コイノボリ大火の翌年、1922(大正11)年に苫小牧町は消防組詰所の建設、ガソリンポンプや腕用ポンプの追加購入、沼ノ端・錦多峰の私設消防組を設立するなど消防組織の改編や設備の導入を積極的に行った。一方で、火防線の設置や地番改正など、大火の教訓を生かした新しいまちづくりに取り組んでいた。
そのような状況下で、当時の人々が大火から1年後の5月1日をどのように迎えたのかが分かる資料が見つかった。
「来たる5月1日は、昨年の大災厄に相当する日である。警察署長から消防各部へ招集警戒等の依頼が来ている。5月1日は消防組全員が番屋(消防の拠点)に集まるように」。
これは、22(同11)年の4月29日、苫小牧消防組の組頭である小保方卯市が、消防組の部長3人へ宛てた連絡の控えである。最前線で大火と向き合った消防組は、「大災厄」に備えて全員出動の厳戒態勢を敷いてその日を迎えた。

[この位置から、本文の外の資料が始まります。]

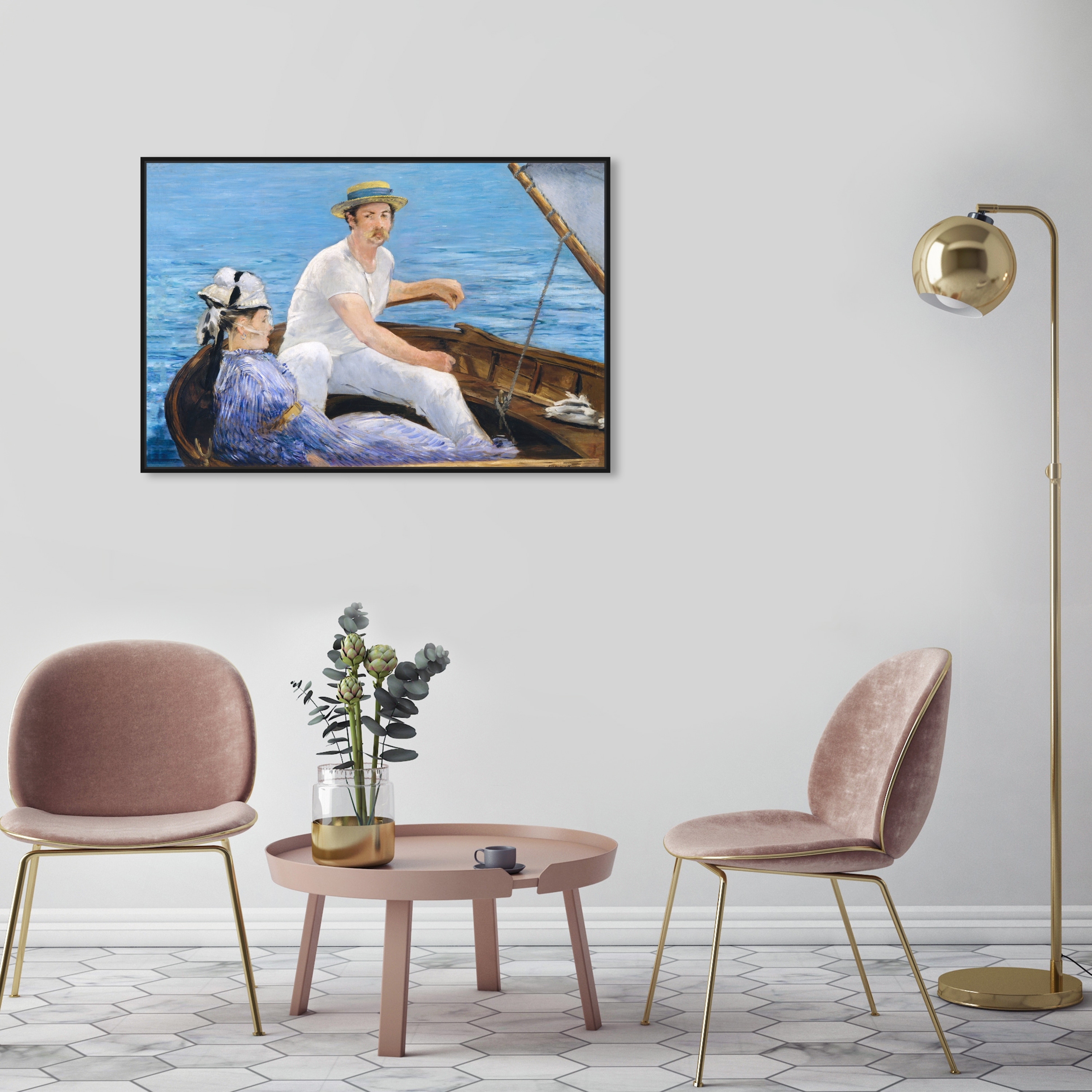 Oliver Gal 'Manet - Boating 1974' Classic and Figurative Blue Wall Art Canvas Print

また、大火の被害を免れた苫小牧東尋常高等小学校(現在の苫小牧東小学校)の沿革誌には、5月1日の欄に「鎮火祭」なる記述があった。内容や規模などの詳細は不明だが、この鎮火祭は大火後の数年間だけ、5月1日に行われていることから、おそらくコイノボリ大火と関係のある行事だったのだろう。
コイノボリを外に揚げなくなったこと以外にも、大火が人々に与えた影響はそこかしこに埋もれている。歴史を掘り起こすと、災害の爪痕から目をそらさずに向き合う人々の姿があった。